The answer should hold only the lines from the beginning of the material through the one with "7) Precizeaz numrul", reproduced exactly and without pictures.
* * *
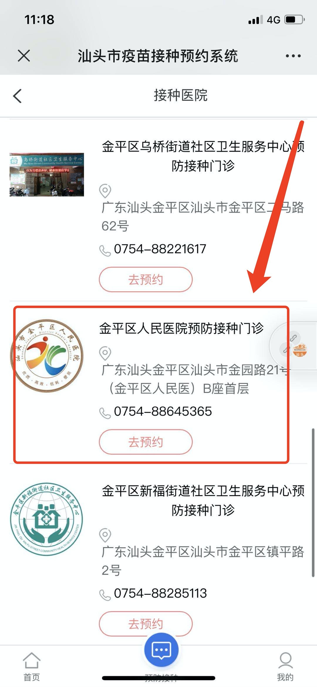 1.进入系统选择金平区人民医院预防接种门诊(目前有国产hpv疫苗)
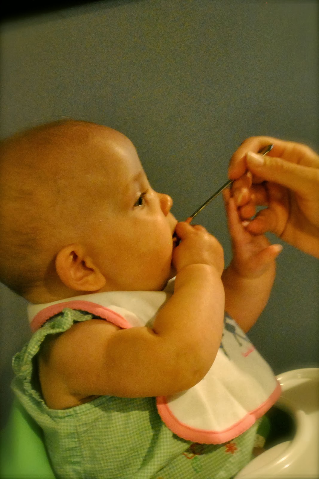I laugh about the "Real Life" of this picture, too--this is not the official First Baby Food. More like the Third Baby Food. The first two being straight up Ice Cream Bon Bon's.
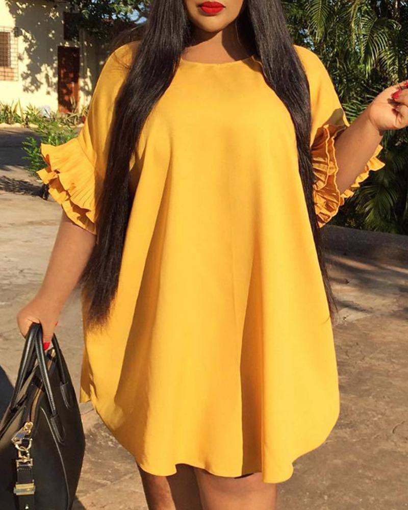 Style:Casual,Chic Type:Straight,Tee Material:Polyester Neckline:Round Neck Sleeve Style:Bell Sleeve,Half Sleeve Length:Mini Pattern Type:Plain Decoration:Bell Sleeve,Ruffles Fit Type:Oversized Occasion:Daily Package Include:1* Dress
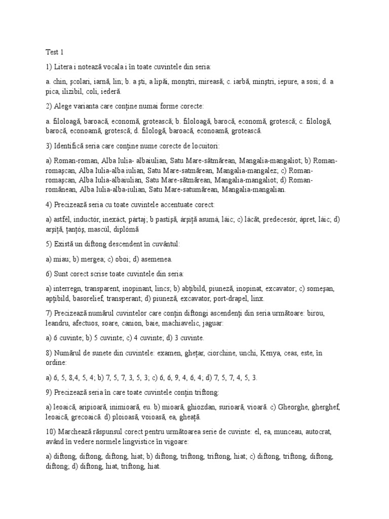 7) Precizeaz numrul cuvintelor care conin diftongi ascendeni din seria urmtoare: birou,
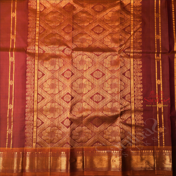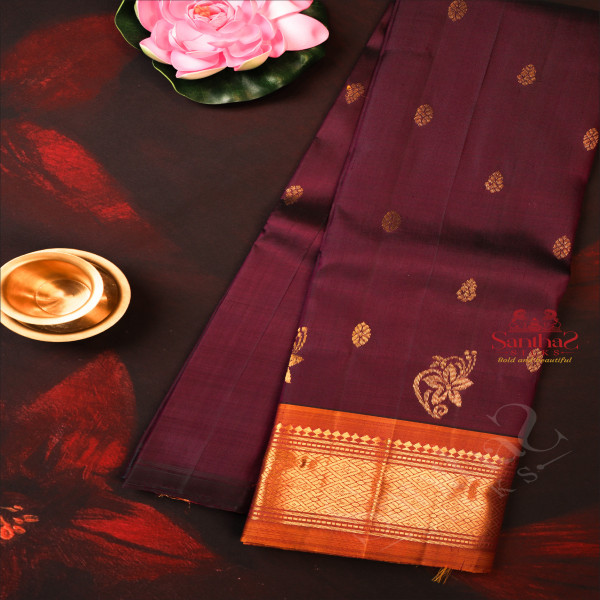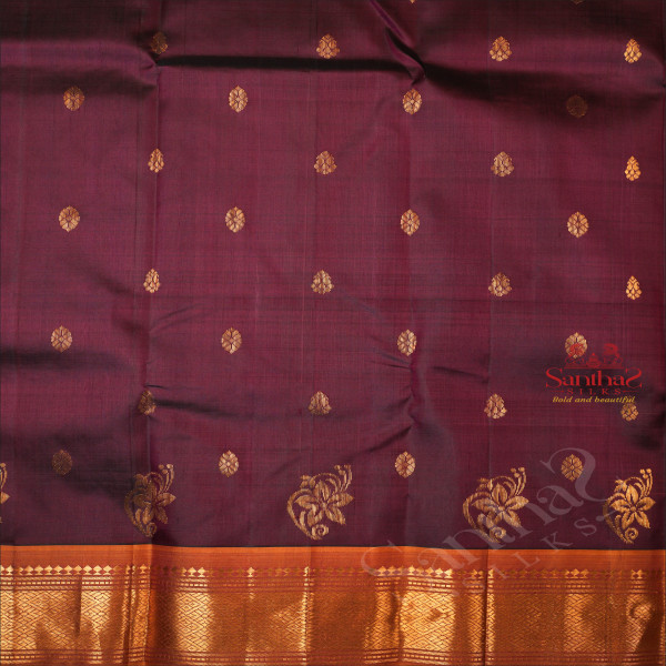 ONE SIDE BORDER DARK PURPLE COLOUR BODY WITH GOLDEN ZARI BUTTA & WITHOUT BLOUSE
* * *
*TASK RESPONSE*.
 1.进入系统选择金平区人民医院预防接种门诊(目前有国产hpv疫苗)
I laugh about the "Real Life" of this picture, too--this is not the official First Baby Food. More like the Third Baby Food. The first two being straight up Ice Cream Bon Bon's.
 Style:Casual,Chic Type:Straight,Tee Material:Polyester Neckline:Round Neck Sleeve Style:Bell Sleeve,Half Sleeve Length:Mini Pattern Type:Plain Decoration:Bell Sleeve,Ruffles Fit Type:Oversized Occasion:Daily Package Include:1* Dress
 7) Precizeaz numrul cuvintelor care conin diftongi ascendeni din seria urmtoare: birou,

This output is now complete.